SSS - first user is shown Large but prefers Small, the second and third users are both shown Small and they both prefer Small. The addition to the correct probability of the third prediction is $30\% \times 30\% \times 30\%.$
Now, group LLL and SLL. The sum \[70\% \times 70\% \times 70\% + 30\% \times 70\% \times 70\% = 70\% \times 70\%.\] There are two branches out of the first user but ultimately they converge to the same product. Similarly, group LSS and SSS. These two branches converge to the same product, $30\% \times 30\%.$
Thus, the correct probability of the third prediction is $70\% \times 70\% + 30\% \times 30\% = 49\% + 9\% = 58\%.$ Look familiar?
Under this retain-previous strategy, the first prediction is correct 70% of the time, then all subsequent ones are correct 58% of the time. Thus, the overall accuracy must be below 70%, under the level of the common-default strategy.
For those who want to see more equations. The formula for the correct probability is $ p^{2} + (1-p)^{2}, $ where p is the probability of the majority user type. In my example, $ p = 70\%$; substituting that in, the formula gives 58% as I computed above.
As p ranges from 0 to 1, the probability curve is a "bowl" with minimum at $ p = 50\% $, and the value increases as p moves toward 0% or 100%. In other words, the more concentrated the preferences are, the more likely the retain-previous strategy is to make correct predictions. In a sense, the problem becomes easier because most users want the same settings.
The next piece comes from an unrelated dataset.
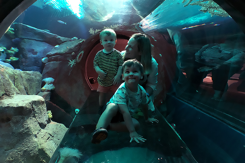 Crawl through a glass tunnel to feel like you're in the depths of the ocean, surrounded by marine life.
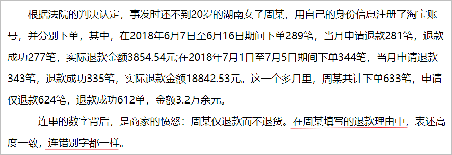 她曾在一个多月的时间内,下了 633 笔订单,其中申请仅退款而不退货 624 笔,成功 612 单,金额 3.2 万余元。

The correct probability of the common-default strategy is the proportion of the majority user type, written as $ \max(p, 1-p) $. This curve also has a minimum at $ p = 50\% $, and bends upwards toward 0% or 100%. Instead of a quadratic curve, it is a straight line.

Because the straight line always lies on top of the bowl, the common-default strategy "dominates" the retain-previous strategy. There are three points where the two strategies meet: $ p = 0\% \text{ or } 100\% $, meaning that everybody picks the same settings; and $ p = 50\% $.
In conclusion, while the retain-previous strategy improves in situations where the preferred settings are more concentrated, its predictive accuracy is still below that of the common-default strategy.